A good replacement tech usually gets piggy-backed on the tech it's going to replace.

That is, a reliable tool that translates 99% of normal SQL into readable Edge SQL, and vice versa, would help adoption a lot.

Remember how new JavaScript features became mainstream though transpiling, long before native implementations.

numbsafari · on May 9, 2019

Agreed. I think this is one reason that Looker's LookML has been successful. Not that it's entirely what I'd want out of a "SQL replacement", but it's an enhancement that "compiles" down to SQL rather than looking to replace it. Plus, you can always go direct to SQL, in case you need to take advantage of some specific feature or complexity that their language doesn't address itself.

eanzenberg · on May 9, 2019

No it won't, because you add immense friction for no added features.

nine_k · on May 9, 2019

Composability is quite a feature for me.

ben_jones · on May 9, 2019

I accidentally built an in-memory database that now lives prominently in our production stack. It works great, its incredibly performant, the codebase is relatively simple (it makes heavy use of code-generation), it will scale very well - but not a day goes by I don't think what if I had just taken the time to adapt an existing solution to the problem set.

There are just so many free things you get with SQL and established RDBMS that deeply impact application features, quality, stability, operations, and much, much, more. I've had to write a custom mongo-db like interface for querying, as well as a fair number of hacky bits to effectively cover the surface area of SQL in an inferior way.

I've learned tremendously, but I just wish people don't follow in my exact footsteps because that's probably wasted time.

pstuart · on May 9, 2019

SQLite is a wonderful tool for such a scenario.

dman · on May 9, 2019

As someone who landed up doing what you did, I also had days where I felt what you have described here. On the other hand by going custom you can usually exploit some understanding you have of your problem to great effect.

ericb · on May 9, 2019

The middlebrow dismissal strikes again!

Why is it so hard to imagine something displacing SQL? A simpler, more predictable syntax seems perfectly plausible--it could ship alongside SQL. Do we have StockHolm Syndrome?

The negativity is surprising and at the same time predictable.

hobs · on May 9, 2019

Because of the decades of things not displacing it - when someone suggests "oh we'll just do it simpler" they often are not seeing the forest for the trees.

Simpler languages have been shipped dozens if not hundreds of times, and they generally tend towards expressing the things they missed or not giving enough functionality for the things they missed.

I am not saying its impossible, but you're going to have to do a lot more than hand waving to justify the reverse position.
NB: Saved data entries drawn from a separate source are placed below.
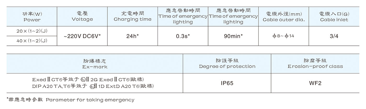 3. 內裝電子鎮流器為我公司特制的防爆鎮流器,具有短路和開路保護性能,針對燈管的老化效應和漏氣現象預防電路,使燈具能正常工作,且高效節能COSφ≥0.98,具有寬電壓輸入,在電
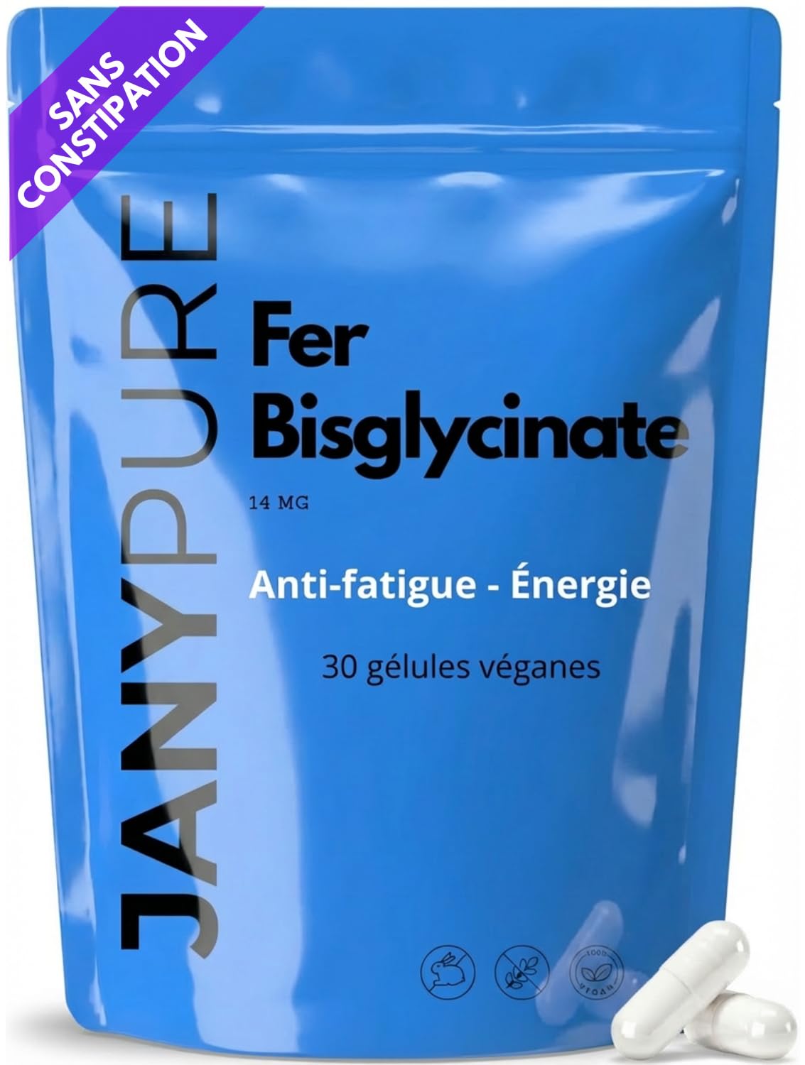 Fer Bisglycinate 14 mg - Haute Absorption & Digestion Facile - Fer Doux Sans Constipation - Anti-Fatigue & nergie - Compl ment Alimentaire Sans Gluten - 30 G lules V gan - Cure 1 Mois
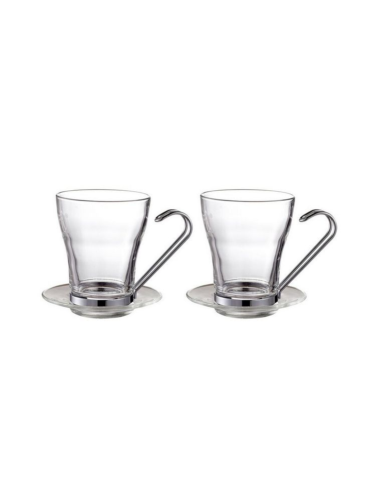 Посуда выполнена из прозрачного стекла. Ручка хромированная, металлическая. Можно купить кофейные чашки для капучино или использовать их с иными видами напитков: экологически безопасный материал, из которого они созданы, может контактировать с любыми пищевыми продуктами. Поверхность устойчива к воздействию металлических аксессуаров, также набор можно мыть в посудомоечной машине.
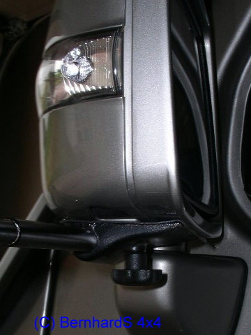 BernhardS (viermalvier) baute für den G270CDI die Halterung um (DC-Spiegel B67816410). Er entfernte die vordere Kante an der Halterung und verlängerte die Spiegelstange um 10 cm. |

chuckgreenman · on May 9, 2019

It's sort of like the mouse trap problem. Mouse traps and SQL are already incredibly simple and incredible effective, that's why you don't see a reinvented mouse trap at home depot and why SQL remains unseated despite many efforts to replace it.

perl4ever · on May 9, 2019

"that's why you don't see a reinvented mouse trap at home depot"

Interesting for you to say that. The last time I went looking for mouse traps, I found that every place I went had a reinvented type, and traditional style were extremely hard to find. Yet, it is true that the traditional style is simple and effective. I've learned from experience that anything else is likely to be useless.

adamlett · on May 9, 2019

You really think SQL is incredibly simple? I think TFA makes a pretty convincing argument that it is anything but.

darkpuma · on May 9, 2019

Most common SQL statements read like somewhat stilted english. Many non-programmers find this particularly accessible.

Yes you can make some lovecraftian horrors if you really want to, but SQL is one of those things where just a little bit of knowledge goes a long way. If you can understand the basics you can get a lot of work done.

It's a lot like Excel. You can do some really complex confusing stuff in Excel. But you can also teach the basics to non-programmers quite easily, and command of the basic skills will be very empowering. Basic knowledge of Excel, like SQL, gives the user new ways to leverage computers when creating their own solutions to their own problems.

adamlett · on May 9, 2019

Most common SQL statements read like somewhat stilted english. Many non-programmers find this particularly accessible.

The problem is not reading SQL, but writing it.

It's a lot like Excel. You can do some really complex confusing stuff in Excel […] Basic knowledge of Excel, like SQL, gives the user new ways to leverage computers when creating their own solutions to their own problems.

I can’t speak to your experiences, but I’ve never in my life encountered someone who was not a professional programmer ever even contemplating using SQL for anything let alone creating their own solutions to their own problems. I think it’s safe to assume that the overwhelming majority of people who use SQL, are programmers who most certainly cannot get by with just basic knowledge.

darkpuma · on May 9, 2019

Librarians and secretaries are two examples of "non-programmer" careers where functional knowledge of SQL is pretty common. Less-so these days with secretaries, but moreso for librarians. Not to mention tons of researchers across countless disciplines have SQL in their toolboxes. I've even met government bureaucrats with professional backgrounds in regional banking that know SQL. Previous programming experience? Using HP-12c calculators...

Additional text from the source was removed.